Your task - Quote the data exactly, first line to the line containing "Une salle de", with no pictures.

Information shown -
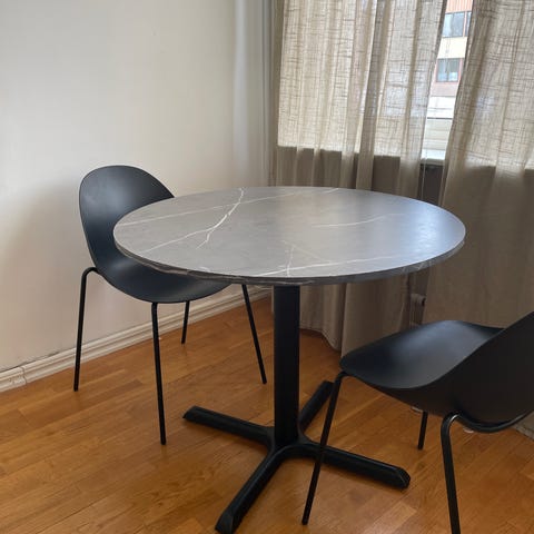 Ett matbord från IKEA som har namnet MARIEDAMM. Den är mörkgrå, 105 cm i diameter och 75 cm i höjd.
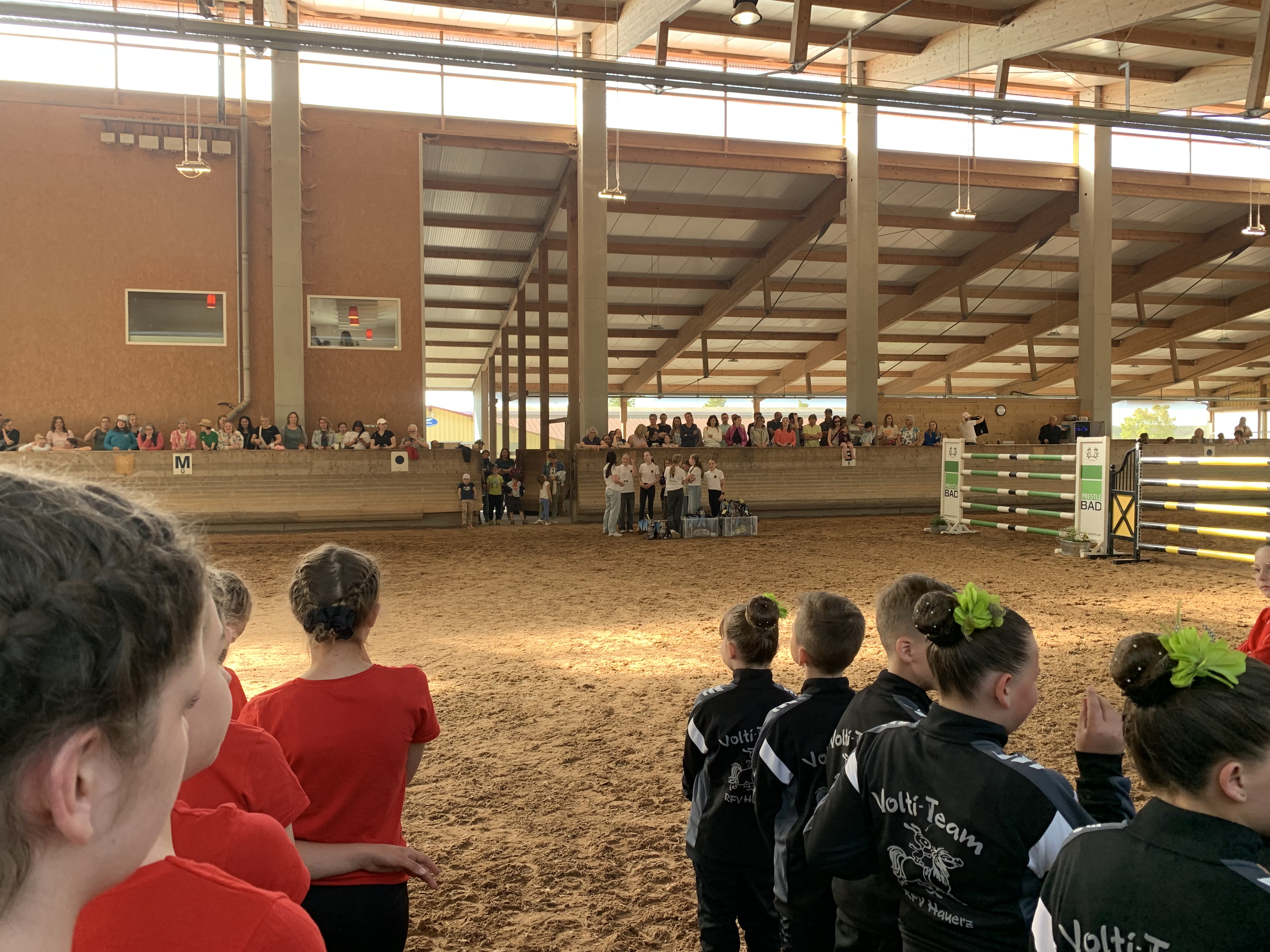 Angelika Welte behielt als Volti‑Managerin den Überblick, Trainerin Cornelia Heimpel kümmerte sich parallel um Warm‑up, Equipment sowie Pferd und Longenführerin. Musik an – und los ging’s!
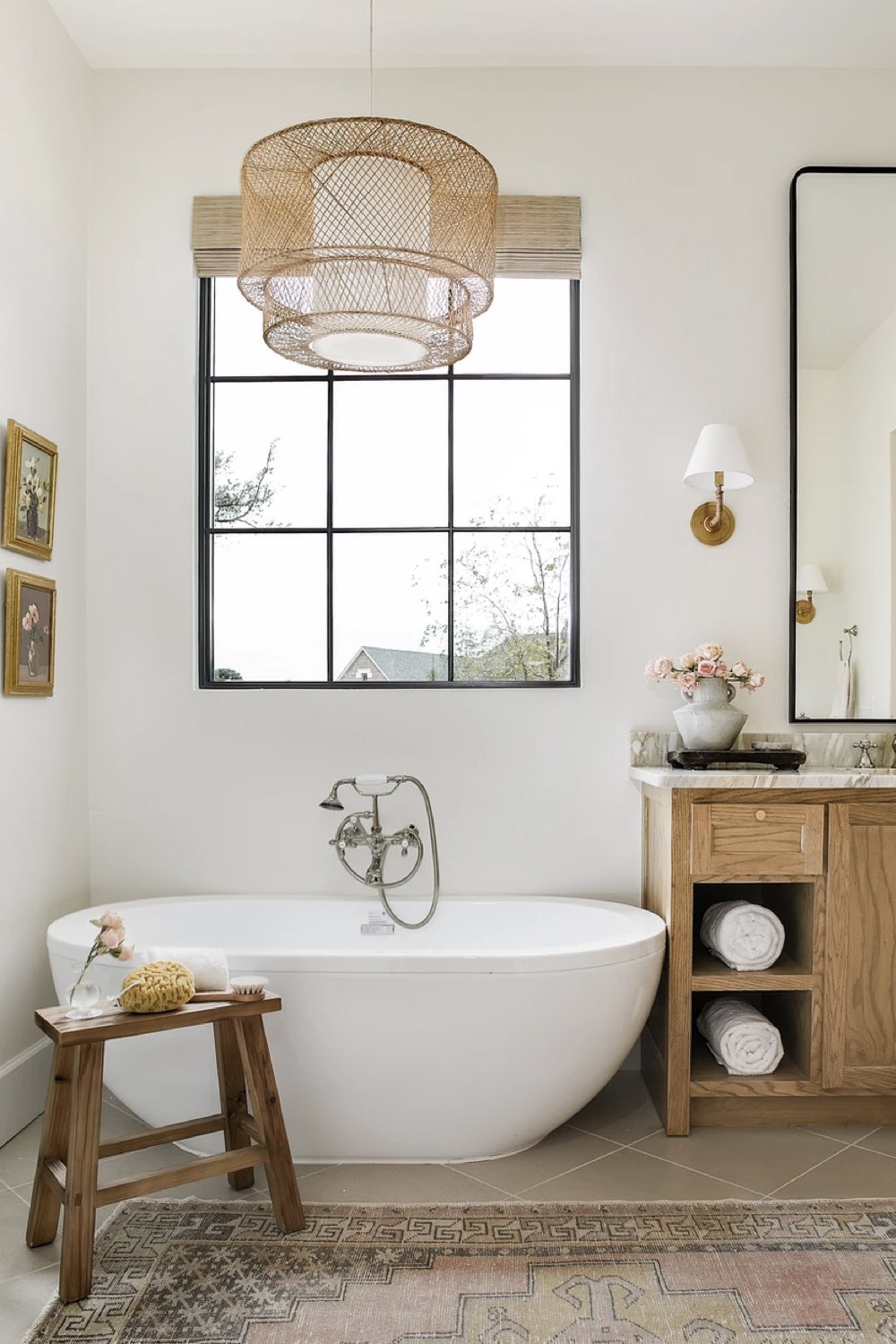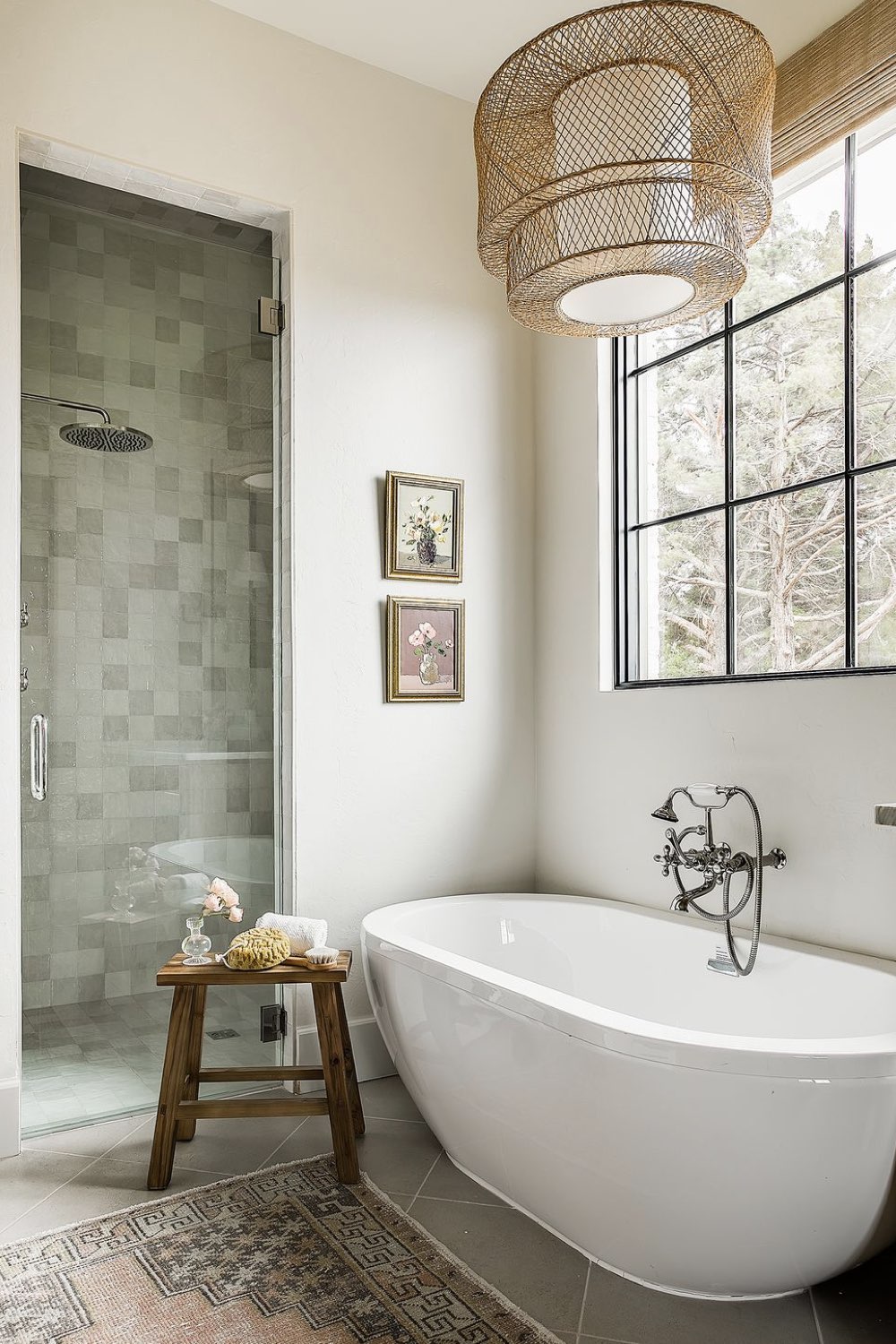 Une salle de bain avec baignoire et douche à l'esthétique classique et moderne
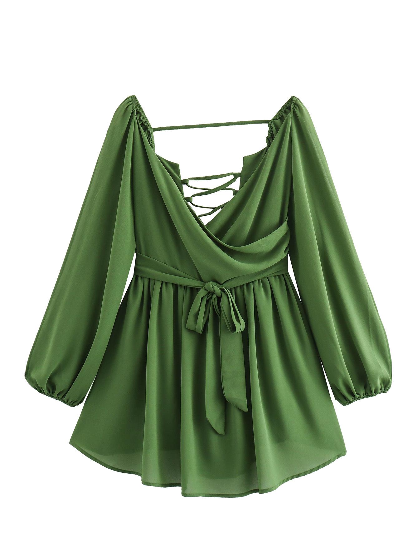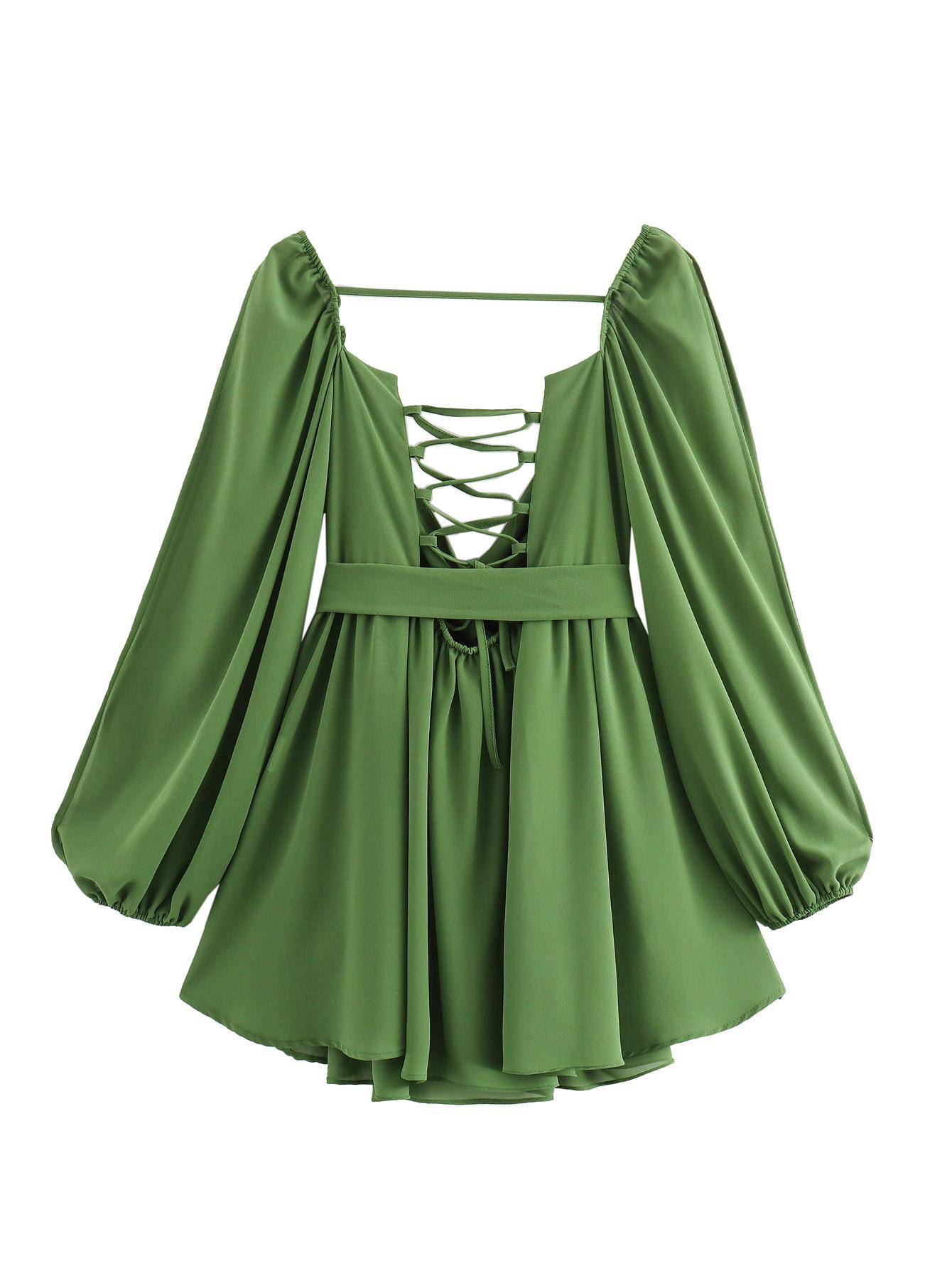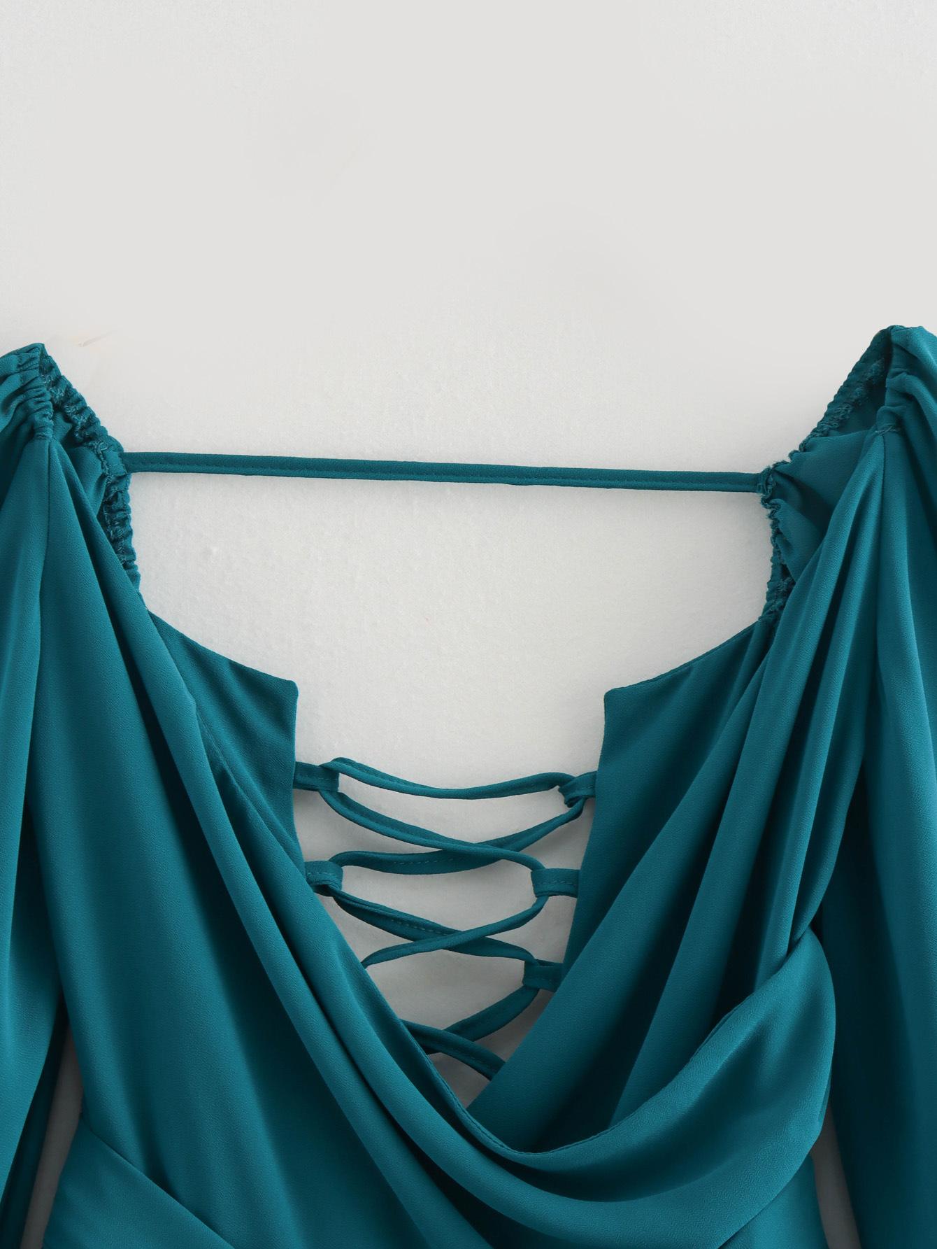 Vestido Zatrax-2024 primavera y verano estilo europeo y americano temperamento sexy 6 colores cuello V manga hombro lazo

Your solution -
 Ett matbord från IKEA som har namnet MARIEDAMM. Den är mörkgrå, 105 cm i diameter och 75 cm i höjd.
 Angelika Welte behielt als Volti‑Managerin den Überblick, Trainerin Cornelia Heimpel kümmerte sich parallel um Warm‑up, Equipment sowie Pferd und Longenführerin. Musik an – und los ging’s!
 Une salle de bain avec baignoire et douche à l'esthétique classique et moderne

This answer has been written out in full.